One: squeeze yourself into your fifth-grade Sailor Moon costume and bring love and justice to the subway. Two: launch your own private TV channel and broadcast S Club Party on a twenty-four-hour loop. Three: sing your national anthem in all the wrong places—the church, the doctor’s waiting room, outside the kebab shop on the corner. Attention is guaranteed. Four: show up to a colleague’s house party in a full black ski mask, bring drinks and snacks, act completely normal, give nothing away. Five: plant yourself on a busy street and hold up a large piece of cardboard on which you’ve written in thick marker: "Honk if you have a small penis."

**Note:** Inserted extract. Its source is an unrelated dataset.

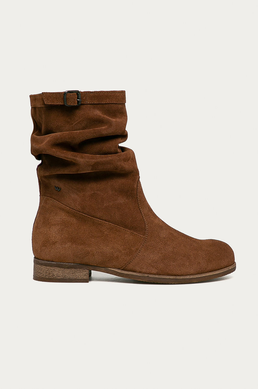 Botki z kolekcji Wojas. Model wykonany ze skóry zamszowej. – Okrągły, usztywniony nosek. – Mocno usztywniony zapiętek. – Gumowa podeszwa. – Tekstylne wnętrze. – Długość wkładki wynosi: 23,5 cm. – Wymiary podane dla rozmiaru: 37. Materiał: skóra zamszowa Obcas: płaski Ocieplenie: lekko ocieplane Zapięcie: brak zapięcia Wysokość obcasa: bez obcasa Skład: Cholewka: Skóra zamszowa, Wnętrze: Materiał syntetyczny, Podeszwa: Materiał syntetyczny ID produktu: -100-OBD02D Kod producenta: 5503962

Six: track down the B-listers who once posed naked for Bravo—Germany’s beloved teen magazine that ran actual full-frontal celebrity shoots alongside sex-ed diagrams—and call them to ask how life’s going and whether they fancy a coffee. Seven: when ordering pizza, insist firmly that they leave off the bees because you’re severely allergic, and never stop mentioning it. Eight: sign other people’s books, magazines, and train tickets uninvited, then say: "Don’t mention it—always a pleasure." Nine: steal a sack of potatoes from the supermarket and claim that Hitler personally ordered you to. Ten: eat and drink only white foods. If anyone asks why, look briefly baffled, then yell: "Dude, don’t you watch the news?!"

There’s a specific pleasure in designing a task that serves no purpose, disturbs no one in any lasting way, and forces a small confrontation between the person doing it and whoever happens to be watching. That’s the whole game. No lesson at the end.